Although teleconferencing has been around for decades, it suffers from logistical limitations. Even with only a handful of participants, it is difficult to tell who is talking, or to choose the right time to chime in. In an increasingly wired world, the lack of a flexible audio interface is becoming more of a problem.

Researchers from Palo Alto Research Center, Inc. (PARC), Stanford University, and Carnegie Mellon University have devised a scheme that gives a group of wireless phone or handheld computer users a more natural teleconferencing environment by keeping track of who is talking when.

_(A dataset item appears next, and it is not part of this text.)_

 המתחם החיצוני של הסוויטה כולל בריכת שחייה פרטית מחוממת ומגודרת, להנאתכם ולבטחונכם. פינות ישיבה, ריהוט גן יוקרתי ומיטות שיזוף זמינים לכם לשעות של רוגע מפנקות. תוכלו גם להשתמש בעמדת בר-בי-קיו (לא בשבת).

The scheme uses the moment-by-moment dynamics of talk to determine which members of a group are actively conversing with each other, and adjusts the audio accordingly, said Paul Aoki, a researcher at Palo Alto Research Center. This makes the teleconferencing space more like a room where people can have side conversations while keeping tabs on the group as a whole.

For instance, in a group of four people -- Alice, Bob, Charlie and Diane -- Alice and Bob might start gossiping about a friend who Charlie and Diane don't know and aren't interested in, and at the same time Charlie and Diane might start a conversation about where they're all going to meet for dinner, said Aoki.

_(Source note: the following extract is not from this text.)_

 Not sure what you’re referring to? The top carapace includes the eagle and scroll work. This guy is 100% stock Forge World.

The system will notice these groupings and will make Charlie and Diane quieter from Alice's and Bob's perspectives, and Alice and Bob quieter from Charlie's and Diane's perspectives, Aoki said. But when Bob overhears Diane suggest a restaurant he doesn't like and he starts talking to Charlie and Diane, the system will respond by adjusting the audio so that they're all at the same normal volume level again.

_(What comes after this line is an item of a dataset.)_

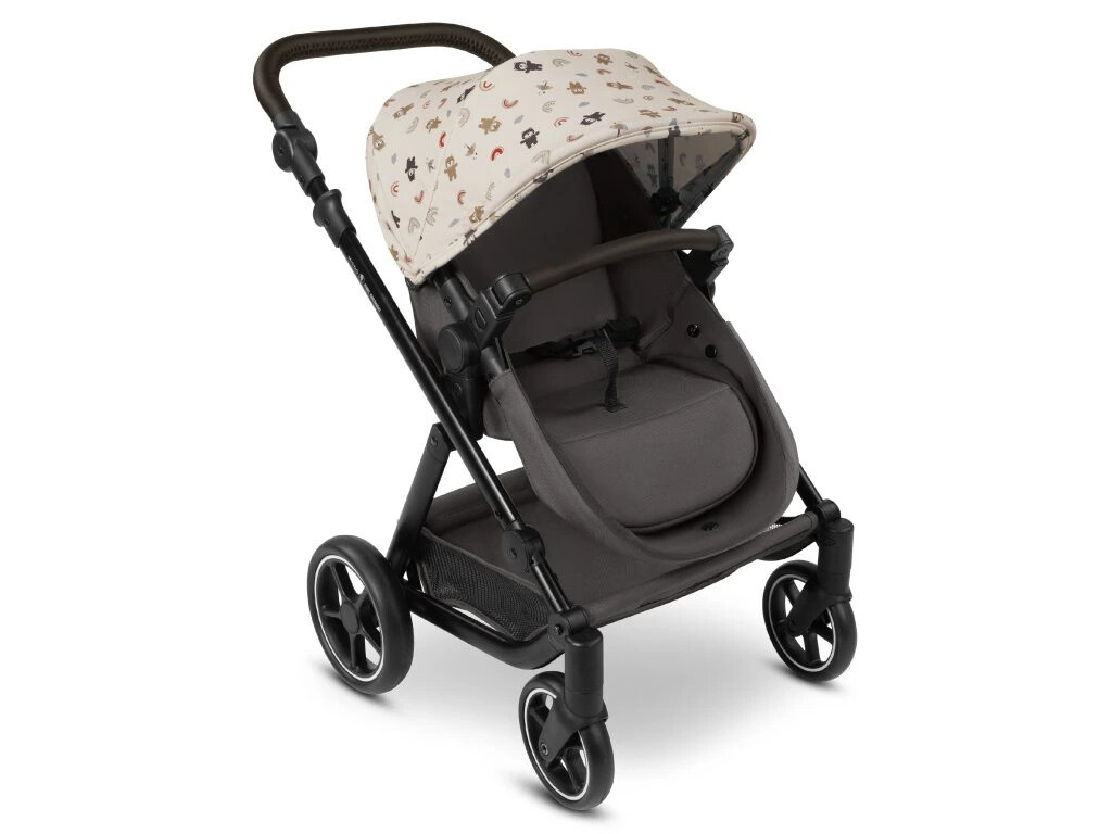 Korbičku lze na praktický podvozek jednoduše nacvaknout stejně jako je tomu u "dospělých" kočárků ABC Design. Jakmile panenka o něco povyroste, je možné korbičku vyměnit za sportovní sezení. Odnímatelné přední madlo umožňuje snadné ukládání a vyndávání panenky. Korbičku i sportovní sezení lze na kočárek připevnit jak ve směru jízdy, tak i směrem k mamince nebo tatínkovi malé panenky. Ideální pro dobrodružství: velký nákupní košík poskytuje dostatek prostoru pro panenčiny nezbytnosti nebo na nákup. Pro snadné převážení lze celý kočárek pro panenky složit.

"It's useful to adjust the audio in a remote conversation like this so that you can more easily understand the people with whom you are talking," said Aoki. "It's as if you're at a party, and when you start talking with someone next to you, all of the other people nearby very politely move away to make it easier for you to have your conversation," he said.

The researchers tested their prototype on two groups of four people between the ages of 20 and 40. The groups' conversations included regular teleconferencing and teleconferencing using the researchers' automatic sound adjustment software.

Each group of four split into prearranged pairs and played a party game that involved answering questions intended to provoke conversation. When both pairs had finished their questions, the four participants formed opposite pairs and repeated the question-and-answer process.

The participants were easily able to work with the adjusting audio, said Aoki. "We didn't... tell them what the system was supposed to do... they were able to figure it out on their own."

The researchers observed a large difference between speech patterns in the regular teleconference and in the adjusted audio space, said Aoki. In the regular teleconference, the paired conversations got in each other's way, he said. The pairs "kept starting and stopping their speech in response to the other pair's bursts of talk... like what you do when you're saying something and a train goes by in the middle of your sentence."

When the shared audio space made the correct choice about who was talking to whom, "the pairs could talk as they normally would if they were face-to-face," said Aoki. The conversation was natural enough that when one pair was waiting for the other to finish, "they would often just kill time by talking about topics like sports," he said.

The researchers tapped a sociological discipline -- conversation analysis -- to find ways to automatically tell who is talking to whom.

"Talk isn't just words in a certain order, but is the result of some pretty complicated social practices that we don't generally realize that were using," said Aoki. For instance, people generally take turns talking, and during turn-taking very little time passes from the moment one person stops and another starts.

Conversation analysts review examples of human interaction in order to understand how these practices work.

The researchers quantified speech patterns gleaned by conversation analysts that generally show whether or not people are in conversation, and built software that determines what grouping of people is supported by the best evidence. "The techniques we use are simple enough that all of the processing easily runs in real-time on a desktop PC," he said.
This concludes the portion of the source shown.